BACKGROUND OF THE INVENTION1. Field of the Invention
The present invention relates to swallowable capsule cameras for imaging of the gastro-intestinal (GI) tract. In particular, the present invention relates to data compression methods that are suitable for capsule camera applications.
2. Discussion of the Related Art
Devices for imaging body cavities or passages in vivo are known in the art and include endoscopes and autonomous encapsulated cameras. Endoscopes are flexible or rigid tubes that are passed into the body through an orifice or surgical opening, typically into the esophagus via the mouth or into the colon via the rectum. An image is taken at the distal end using a lens and transmitted to the proximal end, outside the body, either by a lens-relay system or by a coherent fiber-optic bundle.

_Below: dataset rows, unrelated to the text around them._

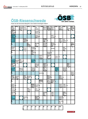 ausgabe 2 %u00b7 fr%u00fchjahr 2025 67%u00d6SB-Riesenschwede1234 56789101 2 3 4 5 6 7 8 9 10USFilmregisseurHeiligenbildder OstkircheKind vonSohnoderTochterAnzeigeder UhrSchauspielsch%u00fclerfair, begr%u00fcndetRufnamedesTrainersVogtsReferat,Rede%u00f6sterr.Autor%u2020 1966(von ...)obereMauerleisteSiamochineseGift derTollkirscheWortteil:Lebenniederl.Maler%u2020 1685fr%u00fchereBrillenformAbk.:RhesusfaktorW%u00e4rmespenderLuftreifeneurop.Fu%u00dfballverband(Abk.)TreuebrucharabischerF%u00fcrstentitelenglisch:seineinZweikampfsportlerRehabilitationKw.BaumarktketteFremdwortteil:Zehnengl.FrauenkurznameFl%u00e4chenma%u00df derSchweiz%u00d6llieferl%u00e4nderverbund(Abk.)einfettenpositionierenTurbodieselinj.(Abk.)MehrzahlvonDatumAbflussdes AtterseesHundenamesehr,h%u00f6chstRufnameDeutschers(S%u00e4nger)spanischerArtikelspendengehoben:d%u00f6rflich(auf dem...)Bl%u00fctenbl%u00e4tterUS-BasketballLiga(Abk.)deutscheSchauspieleringl%u00fccklicheNaturn%u00e4heGru%u00dfwortin derSchweizInitialenRedfordsasiatischeSchwertk%u00e4mpferfrecherJungeForm von%u201asein%u2018(2.Person)Kfz-Z.SalzburgUmgebungwestl.Bezirkin Stmk.See inPommernstarkwindigStromder nord.UnterweltPortr%u00e4tfr%u00fcherer%u00f6sterr.AdelstitelAbk.:Fernnetzfranz.:jeneseifrig,arbeitsamOrtan derfranz.RivieraRitterderArtussageSpitznameEisenhowersspanischerArtikelindischeB%u00fcffelbutterAbk.: AnlageaufdieseWeiselandschaftl.:gelbdeutscheVorsilbe:schnellAbk.:Lehrbuchchem.Zeichenf%u00fcrGalliumeinSommercaf%u00e9m%u00e4nnlicherNachkommeAbk.:Nichtregierungsorg.Schlagerstar(Roberto)Hinterlassenschaftsich entfaltenZugewinnFinden Sie die Seniorenbundbegriffe in den farblich hinterlegten Feldern!r%u00e4tselspa%u00df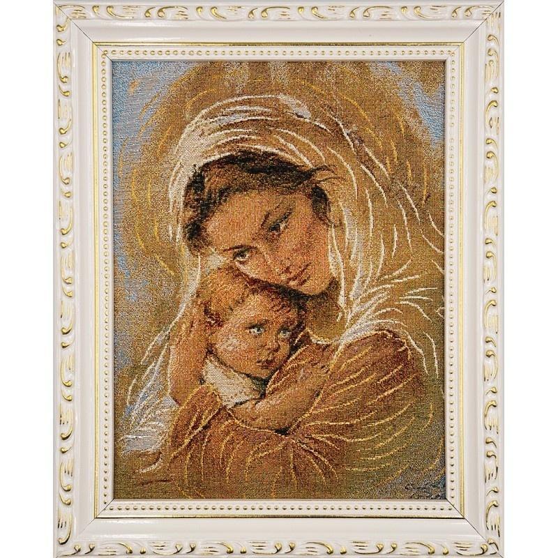 Haftowany Obraz w Białej Ramie Matka Boska Tuląca Jezusa - Malarskie Ujęcie Czułości, 22x27,5 cm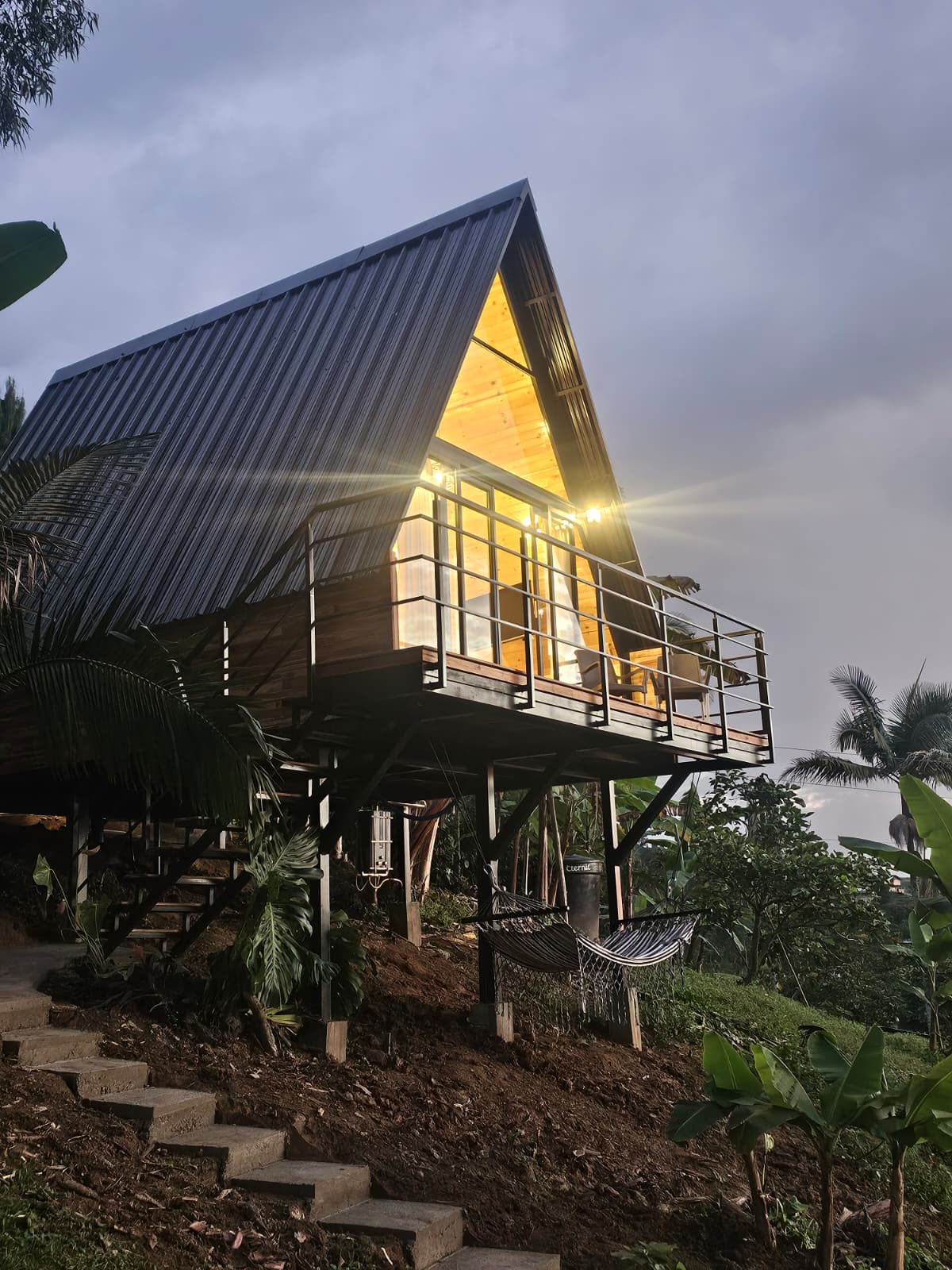 アーティストのデニス・アレクサンドロフによって設計された「木々の間のスイート」。クイーンベッド、ソーシャルエリア、設備の整ったキッチン。1700メートルの丘の上にあるこのオーナーデザインの家からは、エル・タブラソとサンフランシスコ、ラ・ベガ、グアリバの谷のパノラマビューが楽しめます。運が良ければ、ネバドス公園とネバド・デル・ルイス火山の煙を見ることができます。 暖かい気候と涼しく、蚊のいない夜。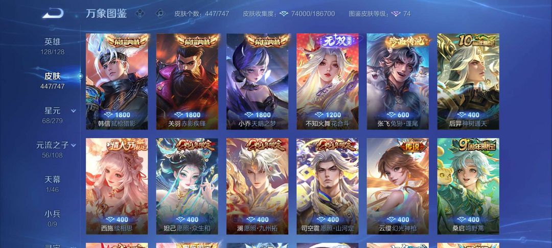 贵十四典藏一无双全英雄都有皮肤可体验对抗路50多段多个金标最高一万三战力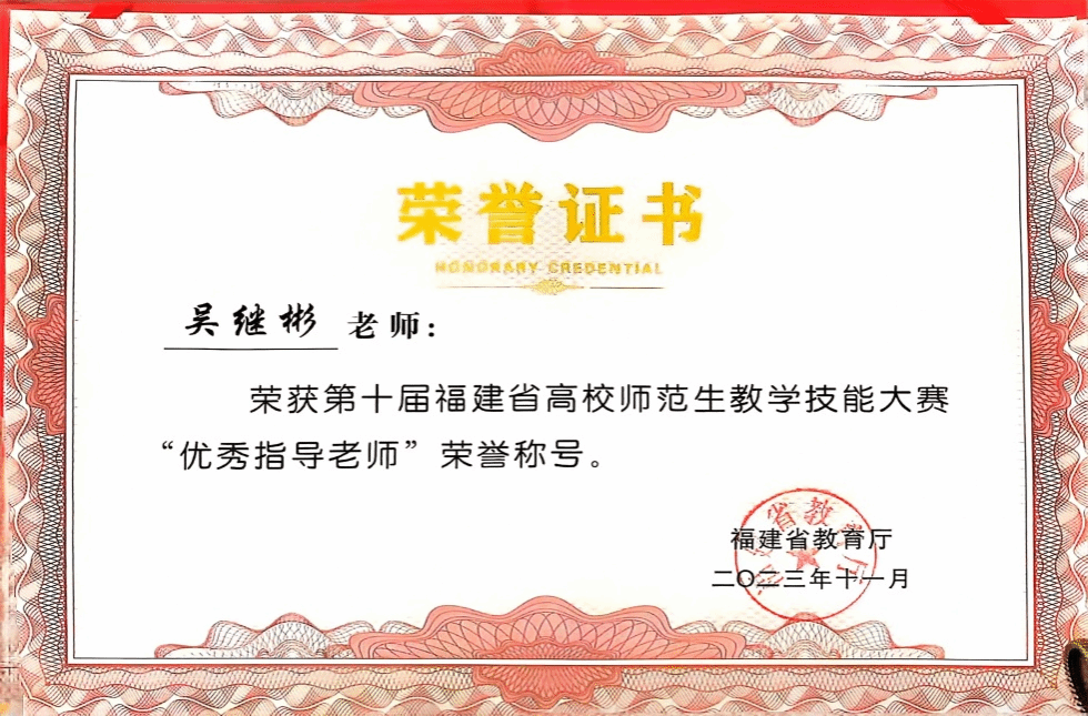 11月24-26日,由福建省教育厅主办的第十届省高校师范生教学技能大赛决赛在宁德师范学院举行,全省共有36所高校230名选手参加了此次竞赛。其中学前教育组共有48名参赛选手分三组进行比拼。大赛从教学设计、模拟课堂教学和专家提问三个环节进行综合考核。经过激烈角逐,我院2022级专升本2班江清霞同学在比赛中脱颖而出,荣获学前教育组一等奖的优异成绩。吴继彬老师被评为优秀指导老师。

A conceptually similar instrument might record an image electronically at the distal end, for example using a CCD or CMOS array, and transfer the image data as an electrical signal to the proximal end through a cable. Endoscopes allow a physician control over the field of view and are well-accepted diagnostic tools. However, they have a number of limitations, present risks to the patient, are invasive and uncomfortable for the patient. The cost of these procedures restricts their application as routine health-screening tools.

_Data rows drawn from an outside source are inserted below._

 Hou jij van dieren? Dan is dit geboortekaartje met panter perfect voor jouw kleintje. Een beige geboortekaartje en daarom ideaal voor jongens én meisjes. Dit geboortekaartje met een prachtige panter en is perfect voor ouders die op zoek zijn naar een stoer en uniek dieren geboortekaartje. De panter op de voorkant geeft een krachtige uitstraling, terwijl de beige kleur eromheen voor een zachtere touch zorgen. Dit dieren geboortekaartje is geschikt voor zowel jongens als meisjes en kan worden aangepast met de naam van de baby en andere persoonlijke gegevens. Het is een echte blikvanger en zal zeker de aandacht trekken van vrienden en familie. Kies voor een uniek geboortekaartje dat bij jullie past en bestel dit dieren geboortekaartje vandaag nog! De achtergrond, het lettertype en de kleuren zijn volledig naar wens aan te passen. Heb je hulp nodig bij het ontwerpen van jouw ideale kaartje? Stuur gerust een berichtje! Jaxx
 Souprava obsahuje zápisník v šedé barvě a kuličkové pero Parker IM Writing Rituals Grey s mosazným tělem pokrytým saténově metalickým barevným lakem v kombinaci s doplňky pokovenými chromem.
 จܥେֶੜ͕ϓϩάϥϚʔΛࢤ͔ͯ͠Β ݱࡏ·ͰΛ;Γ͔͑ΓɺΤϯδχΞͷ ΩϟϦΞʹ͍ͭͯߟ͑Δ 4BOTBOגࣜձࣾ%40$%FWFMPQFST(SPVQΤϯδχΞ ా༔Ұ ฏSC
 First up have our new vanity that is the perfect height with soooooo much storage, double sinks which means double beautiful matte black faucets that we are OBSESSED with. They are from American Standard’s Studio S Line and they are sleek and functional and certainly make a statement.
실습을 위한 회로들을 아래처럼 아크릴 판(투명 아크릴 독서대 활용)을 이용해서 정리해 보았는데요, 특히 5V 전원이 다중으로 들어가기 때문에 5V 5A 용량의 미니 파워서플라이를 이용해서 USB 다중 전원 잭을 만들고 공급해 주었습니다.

Because of the difficulty traversing a convoluted passage, endoscopes cannot reach the majority of the small intestine and special techniques and precautions, that add cost, are required to reach the entirety of the colon. Endoscopic risks include the possible perforation of the bodily organs traversed and complications arising from anesthesia. Moreover, a trade-off must be made between patient pain during the procedure and the health risks and post-procedural down time associated with anesthesia. Endoscopies are necessarily inpatient services that involve a significant amount of time from clinicians and thus are costly.
An alternative in vivo image sensor that addresses many of these problems is capsule endoscopy. A camera is housed in a swallowable capsule, along with a radio transmitter for transmitting data, primarily comprising images recorded by the digital camera, to a base-station receiver or transceiver and data recorder outside the body. The capsule may also include a radio receiver for receiving instructions or other data from a base-station transmitter. Instead of radio-frequency transmission, lower-frequency electromagnetic signals may be used. Power may be supplied inductively from an external inductor to an internal inductor within the capsule or from a battery within the capsule.
An early example of a camera in a swallowable capsule is described in the U.S. Pat. No. 5,604,531, issued to the Ministry of Defense, State of Israel. A number of patents assigned to Given Imaging describe more details of such a system, using a transmitter to send the camera images to an external receiver. Examples are U.S. Pat. Nos. 6,709,387 and 6,428,469. There are also a number of patents to the Olympus Corporation describing a similar technology. For example, U.S. Pat. No. 4,278,077 shows a capsule with a camera for the stomach, which includes film in the camera. U.S. Pat. No. 6,939,292 shows a capsule with a memory and a transmitter.
An advantage of an autonomous encapsulated camera with an internal battery is that the measurements may be made with the patient ambulatory, out of the hospital, and with only moderate restrictions of activity. The base station includes an antenna array surrounding the bodily region of interest and this array can be temporarily affixed to the skin or incorporated into a wearable vest. A data recorder is attached to a belt and includes a battery power supply and a data storage medium for saving recorded images and other data for subsequent uploading onto a diagnostic computer system.
A typical procedure consists of an in-patient visit in the morning during which clinicians attach the base station apparatus to the patient and the patient swallows the capsule. The system records images beginning just prior to swallowing and records images of the GI tract until its battery completely discharges. Peristalsis propels the capsule through the GI tract. The rate of passage depends on the degree of motility. Usually, the small intestine is traversed in 4 to 8 hours. After a prescribed period, the patient returns the data recorder to the clinician who then uploads the data onto a computer for subsequent viewing and analysis. The capsule is passed in time through the rectum and need not be retrieved.
The capsule camera allows the GI tract from the esophagus down to the end of the small intestine to be imaged in its entirety, although it is not optimized to detect anomalies in the stomach. Color photographic images are captured so that anomalies need only have small visually recognizable characteristics, not topography, to be detected. The procedure is pain-free and requires no anesthesia. Risks associated with the capsule passing through the body are minimal—certainly the risk of perforation is much reduced relative to traditional endoscopy. The cost of the procedure is less than for traditional endoscopy due to the decreased use of clinician time and clinic facilities and the absence of anesthesia.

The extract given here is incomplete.